**TASK**
For this exercise, output exactly and only the lines running from the one with "これでWi-fi経由でESP" through the final line of the data below, without pictures.

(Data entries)
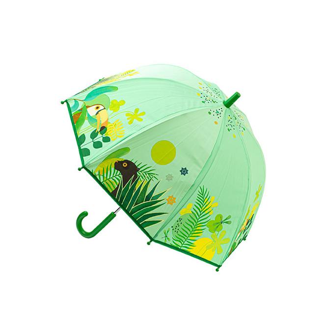 Зонтик Джунгли - красочный зонт, входящий в коллекцию ярких, оригинальных и удобных зонтов французского производителя Djeco (Джеко). Зонтик-трость Джунгли выполнен в насыщенных цветах с красивым принтом. Глубокий купол с легкостью защитит голову и плечи. Зонтик подойдет для детей от 3 - 8 лет, его длина - 68 см, диаметр в раскрытом виде - 70 см. Механизм открытия - ручной, ручка и 8 спиц сделаны из пластика. На конце каждой спицы есть насадка в виде пластикового шарика. На зонтике есть механизм защиты от защимления пальчиков. Французская компания Джеко уже более 60 лет производит развивающие игрушки и игры для детей, наборы для творчества, а также детали интерьера детской комнаты и детские аксессуары. Все товары Джеко отличаются высочайшим качеством, необычной идеей исполнения. Дизайн и иллюстрации к игрушкам Джеко разрабатываются совместно со всемирно известными художниками.
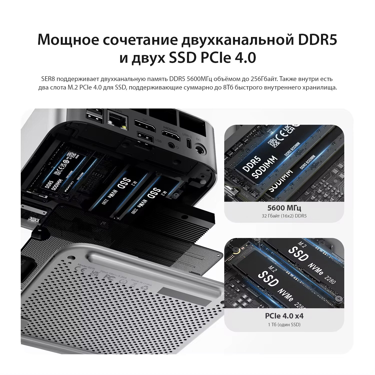 СохранитьМини-ПК Beelink SER8, AMD Ryzen 7 8845HS, 32ГБ/1ТБ, серебристый интересное:
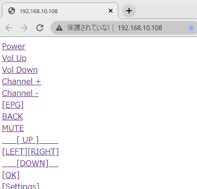 これでWi-fi経由でESP32-DevKitCにアクセスすると、下図のようなリモコンを模したテキストページが表示され、リンクになっている文字をクリックするとリモコンの信号が赤外線LEDから発信されます。
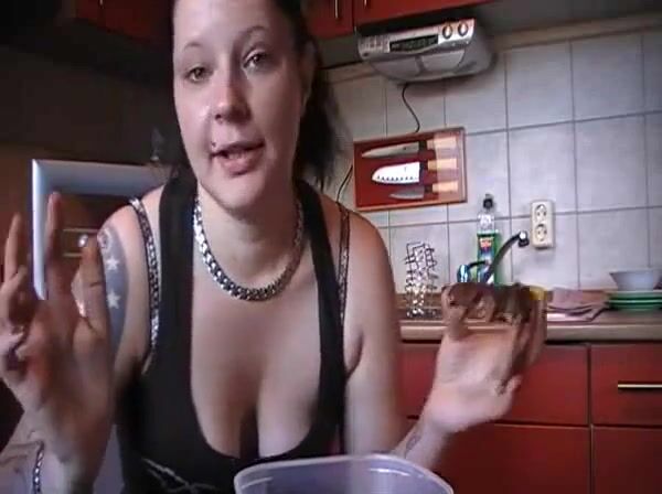 German lady eats chocowaffel.. mit Scheiße!
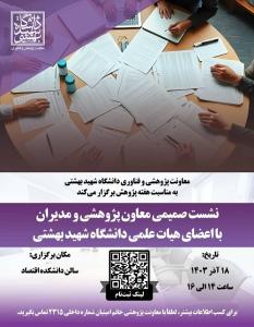 این نشست به‌مناسبت هفته پژوهش از سوی معاونت پژوهشی و فناوری دانشگاه شهید بهشتی برگزار می‌شود.

**RESULT FOR THIS TASK**
 これでWi-fi経由でESP32-DevKitCにアクセスすると、下図のようなリモコンを模したテキストページが表示され、リンクになっている文字をクリックするとリモコンの信号が赤外線LEDから発信されます。
 German lady eats chocowaffel.. mit Scheiße!
 این نشست به‌مناسبت هفته پژوهش از سوی معاونت پژوهشی و فناوری دانشگاه شهید بهشتی برگزار می‌شود.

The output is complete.